Vol 5 2001 - Article

What is the difference between a Dane, a Norwegian and a Swede?

Varieties of National Habitus seen through the eyes of German Refugees, 1933-1940. A systematic comparison.

Keywords: Habitus, Encounter, Symbols of everyday life, Systematic comparison
Main theories and methods: Bourdieu, Elias, Geertz, Goffman, Ragin
Contact: Frank.Meyer@Riksarkivaren.dep.no Book order: unipubforlag@sio.uio.no

Scandinavia – a homogenous region.....

   The Scandinavian countries are usually considered a homogenous cultural region. Norwegian, Danish and Swedish are languages so closely related that Scandinavians understand each other without difficulties. During long periods of history the countries were joined together in unions. The societies are almost entirely protestant, there exist only small ethnic minorities and the modern political systems were formed by strong liberal and social democratic parties.
   These and other common features make the Scandinavian countries especially interesting for systematic comparison.

...with interesting cultural differences.

   Contrary to what one might expect, the symbolic patterns of everyday life differ quite considerably between the three countries.
   According to Norbert Elias' theory of social figuration and civilisation, the main reason for these differences of national habitus lies in the different forms of contact and conflict between the dominant social classes of pre-modern times, e.g. nobility and bourgeoisie.
   In the Scandinavian countries these forms varied. A classic court-centred society (such as in France or Austria) existed only in Sweden, while e.g. Norway had lacked a noteworthy nobility since the Middle Ages.
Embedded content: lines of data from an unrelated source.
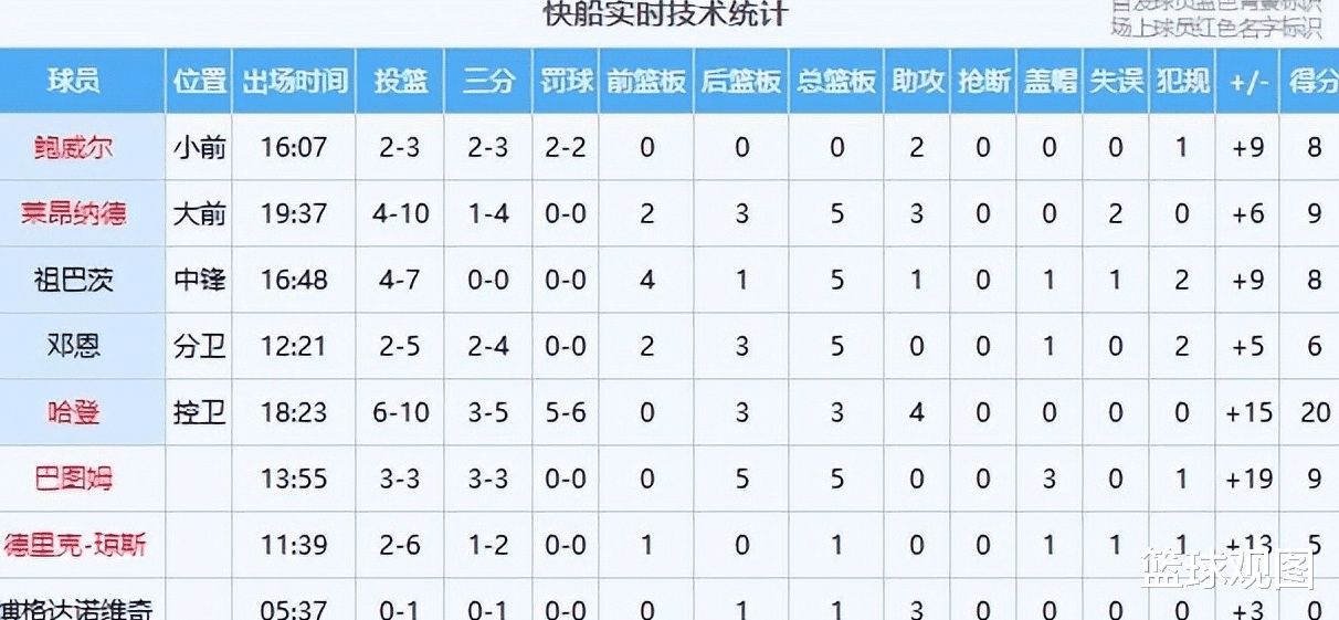 莱昂纳德21分11板6助、哈登20分6板9助、鲍威尔20分1板3助、祖巴茨19分9板1助、巴图姆12分5板2助3帽、德里克-琼斯10分1板2帽、邓恩6分8板、尤班克斯3分、米尔斯3分、博格达诺维奇2分1板3助
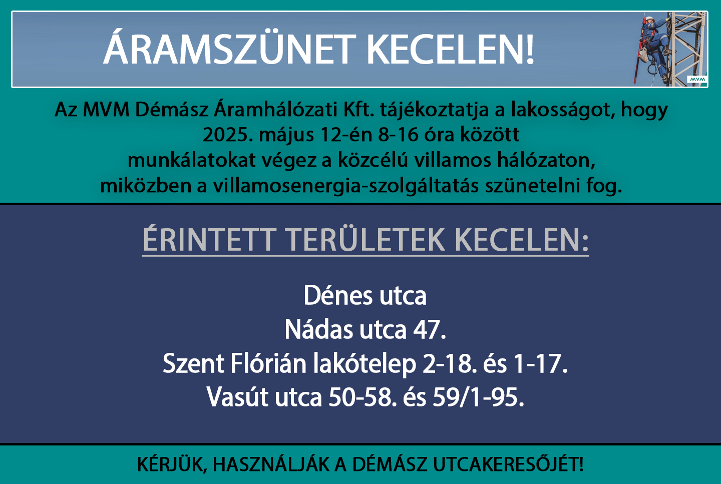 Áramszünet lesz Kecelen! - 2025. május 12.
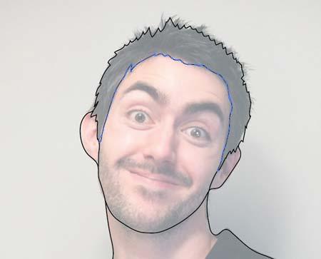 继续你的绘画路径,但这一次把脸部轮廓和头发的线条勾勒出来。如果你想在画偏或画错之后不想重新开始的话,而是稍微改正画错或画偏部分,在绘画之前启用 编辑所选路径将是一个很聪明的选择。(图04)
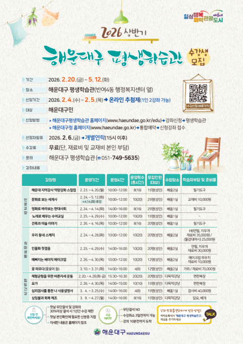 해운대구(구청장 김성수)는 지역 주민의 평생학습 참여 확대를 위해 2026년 평생학습관 상반기 프로그램 수강생을 모집한다고 밝혔다.
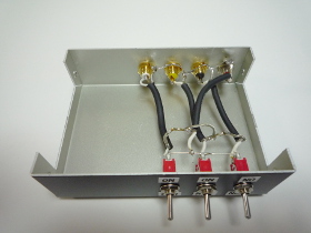 | ΔLOOP7のアンテナはそのままではひとつの受信機にしかつなげないので、アンテナセレクターを製作します。非常に簡単に作りましたので、専門家から見れば充分ではないかもしれませんが、実使用においては全く問題ありません。 | |

 Example 1: Social inequality  Example 2: Gender Roles
   

   Due to the greater importance of the aristocracy in Sweden, the need for social distinction was greater there than in any other Scandinavian country. Since the time of King Gustavus II Adolph (1611-1632) the Swedes thus abandoned the use of personal pronouns when addressing each other in direct speech, using instead titles and indirect speech to mark status distinctions. In the 1930s a Danish journalist wrote:
   Where one without ceremony would say in Danish: 'Will you come back soon?', the Swedes say: 'Does director Johansson believe that director Johansson will be back soon?' A Swede demonstrated this to me by quoting a sentence in which 'director Johansson' appeared 5 - read five – times.
   It is only slightly exaggerated to claim that until the 1960s, one was not allowed to speak to a person without being introduced to him or her, i.e. to learn that person´s name as well as title. The system of titles was complex.
   In manuals of etiquette large sections dealt with subjects like "Inherited titles", "The same titles in written and in spoken language", "Different titles in written and in spoken language", "Male professional titles", "Women's professional titles" etc. (see picture).
   In Denmark and Norway it was not common to use titles to such an extent. Neither books on etiquette nor foreigners’ travelogues refer to any use of formal titles comparable to the Swedish.
   The most extreme contrast is to be found in Norway, where no court society had influenced the symbolic patterns of everyday life. Thus, an old cleaning woman, Josephine, from Oslo learnt to distinguish only two types of person. Those tending to corpulence she called "directors", while those on the slimmer side were "merchants".

   It is a truism that gender roles are social constructions, and by no means biological constants. No wonder, then, that gender roles differed in the three Scandinavian countries as well. Because of the legacy of court society, the interaction between Swedish women and men was more hierarchical, distanced and formalised, but maybe also more romantic than between Danish and Norwegian women and men.
   According to a Swedish manual of etiquette, a Swedish man should bow deeply from the hip, with a straight back (picture to the left), when meeting a women. This gave him at the same time a splendidly stiff, almost robot-like expression. The woman should receive the kiss on the hand with the same straight back and the mien of a ruler. Obviously, the behaviour of the man and the woman was not symmetrical, e.g. there was no eye contact.
   According to a comparable source, – a contemporary Norwegian book on etiquette (picture to the right) –, meetings between Norwegian men and women were more symmetrical and egalitarian, and less formalised. Both the woman and man used the same gestures, taking each other's hand and looking into each other's eyes. There is no (pseudo-) submissive bowing. Their clothes are plainer (street dress and fur instead of evening gown and tail coat).
   The cover of the Norwegian manual on etiquette indicates where the reason for the more formalised and distanced gender roles was to be found, i.e. pre-modern, court society.